Friday, May 24, 2013

Day One Hundred and Forty-four - The New Guy, "LET'S... DO IIIITTTTT(, Eliza Dushku!!)"

This is the guiltiest of my most guilty pleasures, I think.

For the most part, I attribute my love for The New Guy to Eliza Dushku and her parade of swimsuit fashions in the middle of the film. She definitely fits my Bad Girl crush motif in its entirety, whether she's the Uber-bad girl, Faith, or the redeeming herself not-so-bad girl, Later-Faith... well, let's just say that every way she played Faith worked for me. Just like her whichever girl, Echo, or Tru... or... or... her take here in TNG as Danielle.

Eliza... just... DOES IT for me.

The rest of TNG's appeal falls around it's "pathetic loser turned high school hero" storyline. It's always fun to see the little guy triumph against all odds and become the kid all the girls want and all the guys want to be like.

Set in Texas... and I really just can't imagine the hell that high school in Texas is like for dweebs like me... TNG follows young Dizzy Gillespie Harrison (DJ Qualls) who is a complete dork, and suffers for that fact. Along for the ride are his fellow dork friends (including a Zooey Deschanel who hadn't hit her indie-goddess prime yet) as he finds he just can't take it anymore and, with the help of jailbird kingpin Luther (Eddie Griffin), gives himself a badass makeover so he can startoff fresh at a new school.

At said new school, he supplants the jerkoff cool kids at the top of the pile and manages to impress cheerleader hottie Danielle (Dusku) in the process. After a few trope hurdles like avoiding his old bully and almost losing his old friends for his new life, Dizzy manages to win over the entire school and witness the comeuppance dealt to his tormentors.
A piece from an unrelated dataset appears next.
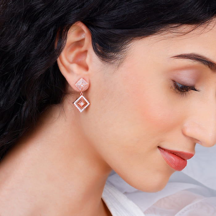These rose gold signature earrings have an intricate design studded with zircons, giving the earrings a gorgeous look. The diamond shape of the jewellery is inspired by the GIVA logo.

With weird as heck guest spots (including Gene Simmons, Tommy Lee, and Henry Rollins to name a few), lackluster acting from pretty much everyone BUT Eliza, and a silly, plothole heavy script, TNG should be relegated to the bottom of the discount bin, never to be bought, let alone watched... but there's just enough goofy charm and Dushku sex appeal to overcome the film's rampant cheese.

It's shallow of me, I know... but what can I say? I told you it was the guiltiest of guilty pleasure movies, didn't I?

Eliza is so devastatingly gorgeous in my book that I can even forgive the horrible cameos by Tony Hawk and the O'Connell brothers.

If you're looking for deep fare or even a passable coming of age comedy, you done goofed by relying on The New Guy... but I still pull it off the shelf or, in the case of today, find it in my Netflix queue at least once a year.

Usually when I'm lonely and in need of some home grown American Moe.

Plus it has one of my favorite lines by David Hasselhoff in any format, ever. Just, uh, make sure you wait till the end of the movie to catch it.

Also, I've just noticed that every single image capture I made from the film has Eliza in it in some form or another. I've got it bad, I think... and it gives me the deep down blues, even as I look at her and feel warm/giddy and smile.